Cuban-American Senator Mel Martinez stated that he and many other Cuban-Americans regard Raúl Castro as a temporary figure and not someone capable of leading Cuba into the future.

There were celebrations among the large Cuban-American population of Miami, Florida, Jersey City, New Jersey, and several other smaller Cuban communities in the US opposed to Castro's regime.

On August 3, 2006, the White House released the following statement:

The United States is actively monitoring the situation in Cuba following the announcement of a transfer of power. At this time of uncertainty in Cuba, one thing is clear: The United States is absolutely committed to supporting the Cuban people’s aspirations for democracy and freedom. We have repeatedly said that the Cuban people deserve to live in freedom. I encourage all democratic nations to unite in support of the right of the Cuban people to define a democratic future for their country. I urge the Cuban people to work for democratic change on the island. We will support you in your effort to build a transitional government in Cuba committed to democracy, and we will take note of those, in the current Cuban regime, who obstruct your desire for a free Cuba. In the event of a transition in the Cuban government, we stand ready to provide humanitarian assistance as needed to help the Cuban people. It has long been the hope of the United States to have a free, independent, and democratic Cuba as a close friend and neighbor. In achieving this, the Cuban people can count on the full and unconditional support of the United States.

===Latin America===
President of Venezuela Hugo Chávez and President of Bolivia Evo Morales both made statements of support for Castro's recovery. Luiz Inácio Lula da Silva, the Brazilian president and a long-time friend of Castro, said "Cubans alone should decide on a possible presidential successor. The succession process is a decision the Cuban people will have to take".

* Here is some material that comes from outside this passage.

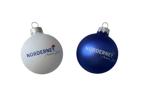 Farben: weiß und blau mit weihnachtlichem "Norderney meine Insel"- Schriftzug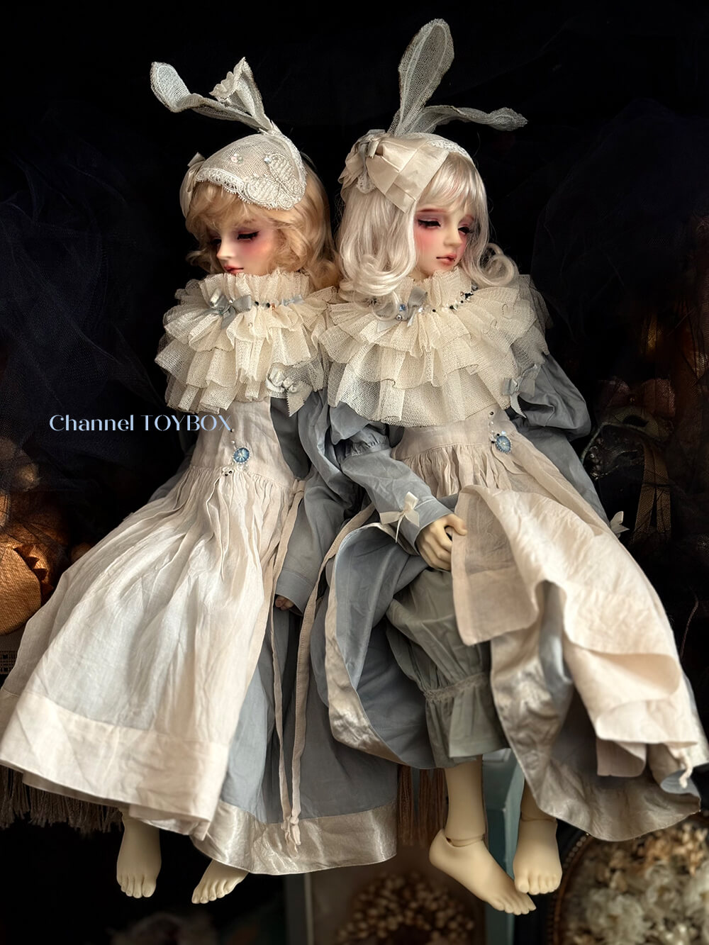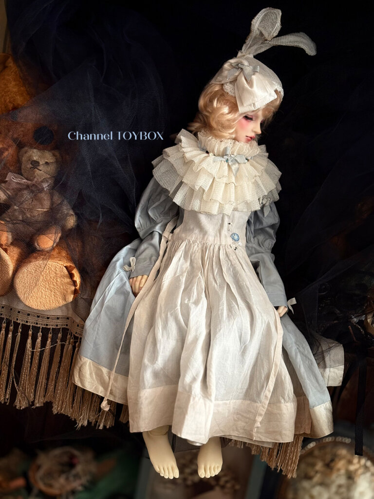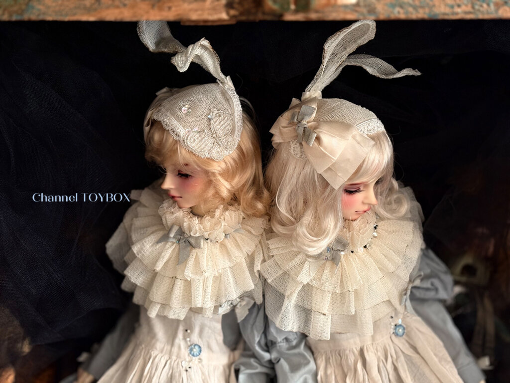 ヘッドドレス:シルクチュールで作っています。こちらは水分には気をつけて下さい。少し固めて形成しておりますがワイヤーをヘッド部分、耳部分に仕込んでいますので、多少大きさ角度は調整できます。

Numerous Latin American publications, including Peru's La República, and Bolivia's La Razón, ran front-page articles about the event, featuring pictures of a frail-looking Castro, head in hand. Others, such as Mexico City's La Crónica de Hoy and El Sol de México, focused on the bond between Castro and his brother Raúl, the former showing a picture of the two walking together, the latter a picture of an elderly Fidel with arm held aloft by Raúl. A headline in Peru's La República declared Castro's cessation of duties to be "the end of an era", while Venezuela's El Universal said the event was "unprecedented in 47 years of power."

On August 5, 2006, the Brazilian newspaper Folha de S.Paulo reported that Cuban authorities had informed Brazilian president Lula da Silva that Castro's health was much worse than what the Cuban government had previously admitted in public, contending that he was suffering from intestinal cancer and will be unable to resume control of the Cuban state. The Brazilian government quickly denied that the report was accurate. Folhas editors responded to the government's denials by saying their sources were Castro's top aides.